US race tightens as candidates head south, west



By Porter Barron


COLUMBIA: Gloves have come off in the closely fought White House race as Republican and Democratic hopefuls head into potentially watershed contests in South Carolina and Nevada this weekend.

With Republicans zeroing in on the conservative southern state of South Carolina, which holds its Republican primary on Saturday, John McCain faced a reprise of tough tactics that lost him the state eight years ago.

And in the western gambling state of Nevada, politically powerful unions waged a legal battle over the use of casinos as caucus sites, rich with implications for the Democratic race.

The fight for the Republican presidential nomination is wide open, with three different victors in its three major contests thus far, and all eyes were on South Carolina to see how its conservative voters and bare-knuckle politics could shape the race.
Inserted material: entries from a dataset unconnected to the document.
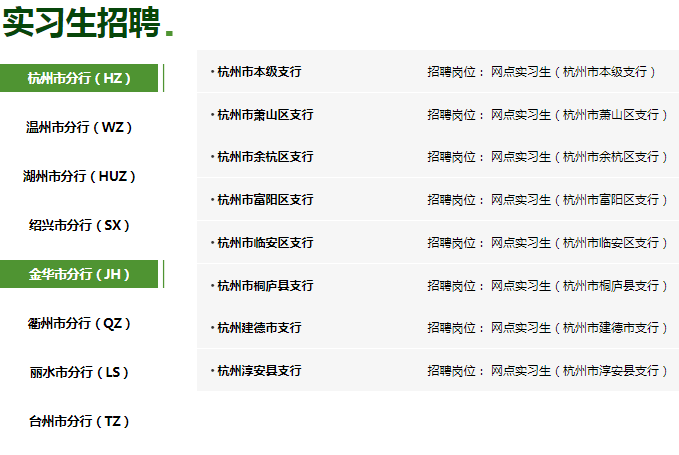 2020年中國郵政儲蓄銀行浙江省分行實習生招聘公告
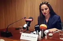 - Footage of Lydia Canaan delivering her speech "Hostage to Injustice". يوتيوب. September 2, 2016. Retrieved August 18, 2017. نسخة محفوظة 9 يناير 2020 على موقع واي باك مشين.
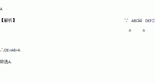 已知△ABC≌△DEF,且AB=4,BC=5,AC=6,则DE的长为( )
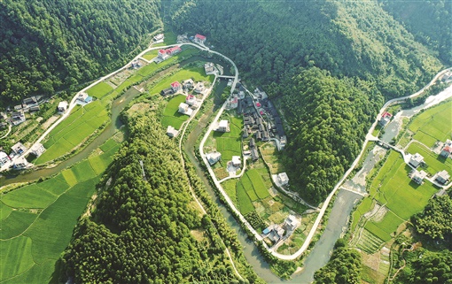 8月2日,城步苗族自治县儒林镇永安村,弯曲的村道、蜿蜒的河流、翠绿的山峦与错落的民居相互点缀,构成一幅美丽的夏日新农村画卷。
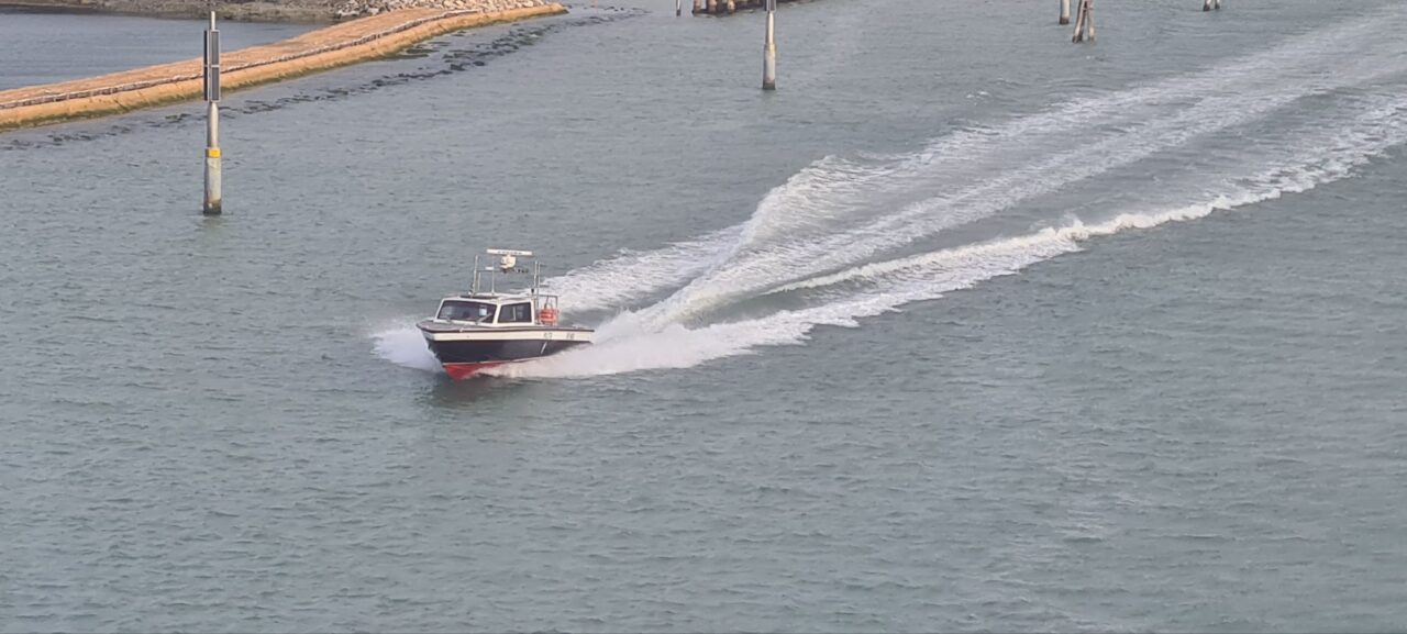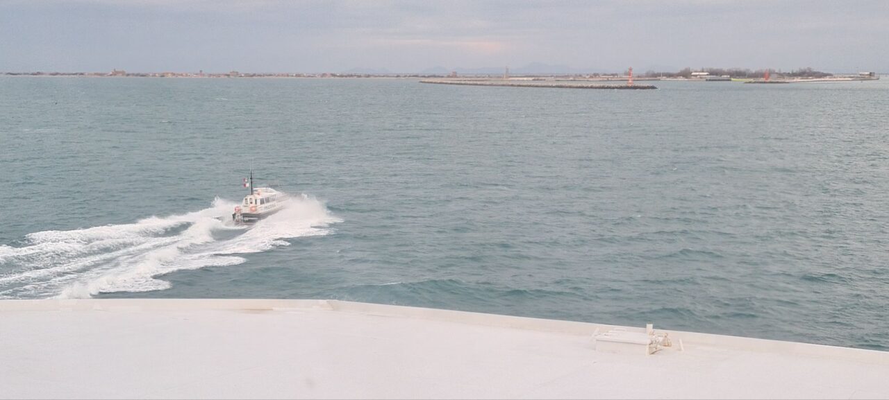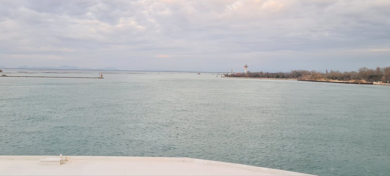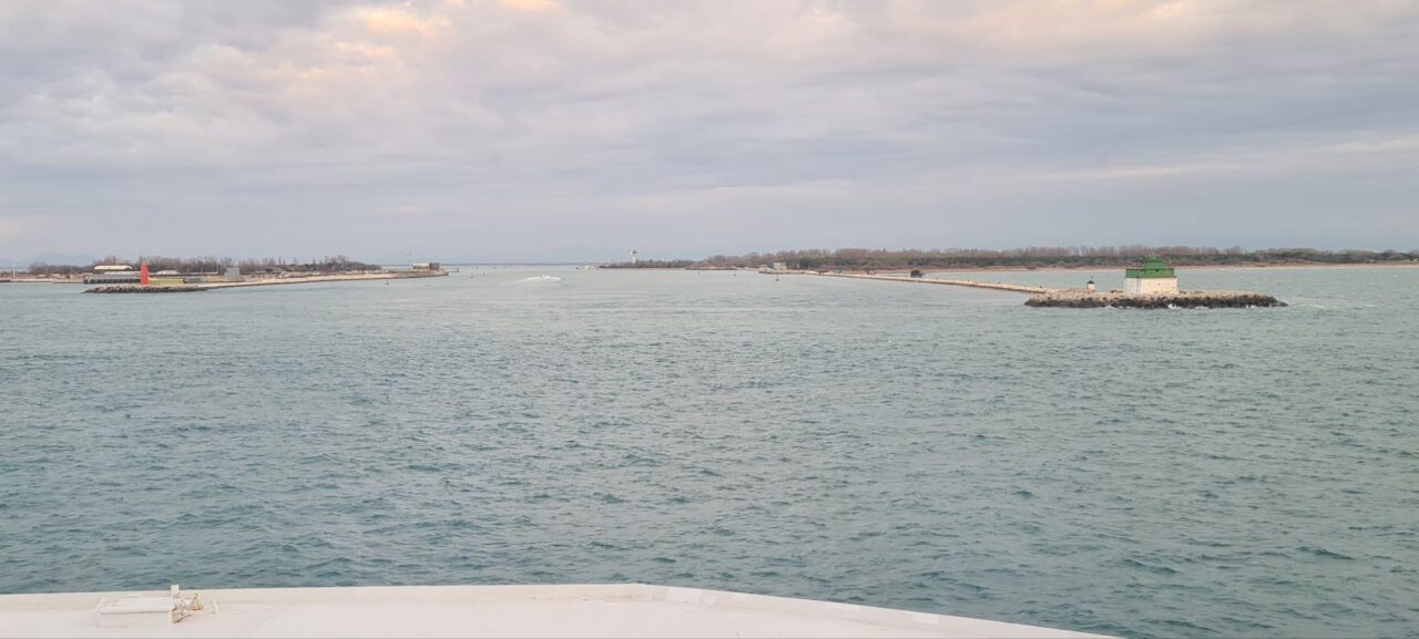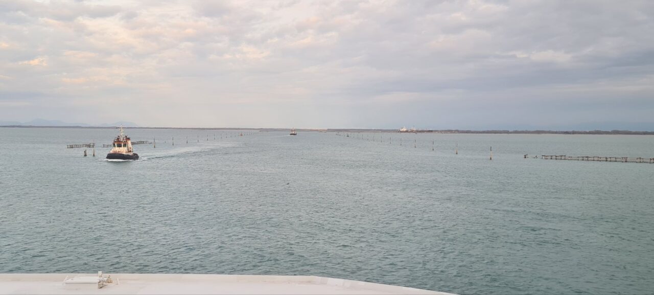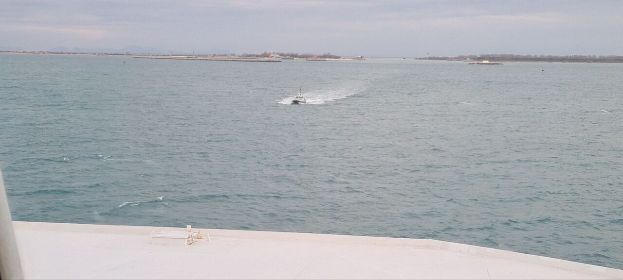 (Venedig /Italien /Bella Italia) Mit Hilfe eines Lotsen, welcher mit einem Schnellboot von der Hafenbehörde gebracht wurde, geht’s rein nach Venedig.

Former Massachusetts governor Mitt Romney barely got a day to savour his Michigan victory before the battlefront moved south to South Carolina, where he is trailing McCain, who won New Hampshire, and Mike Huckabee, who swept Iowa.

South Carolina is renowned for its brew of political dirty tricks, hawkish national security voters, and influential anti-abortion, pro-gun rights evangelical conservatives, who may favour former Baptist minister Huckabee.

“On the issues that really matter to social conservatives, consistency on pro-life and pro-marriage ... Second Amendment issues, it’s the whole package for people in South Carolina, they’re very conservative,” Huckabee told Fox News channel on Wednesday.

“That’s why we feel like we’re going to win here.” The latest Zogby poll heralded a tough battle in the state, with McCain ahead at 29 per cent, Huckabee second with 23 per cent and Romney in third with 13 per cent.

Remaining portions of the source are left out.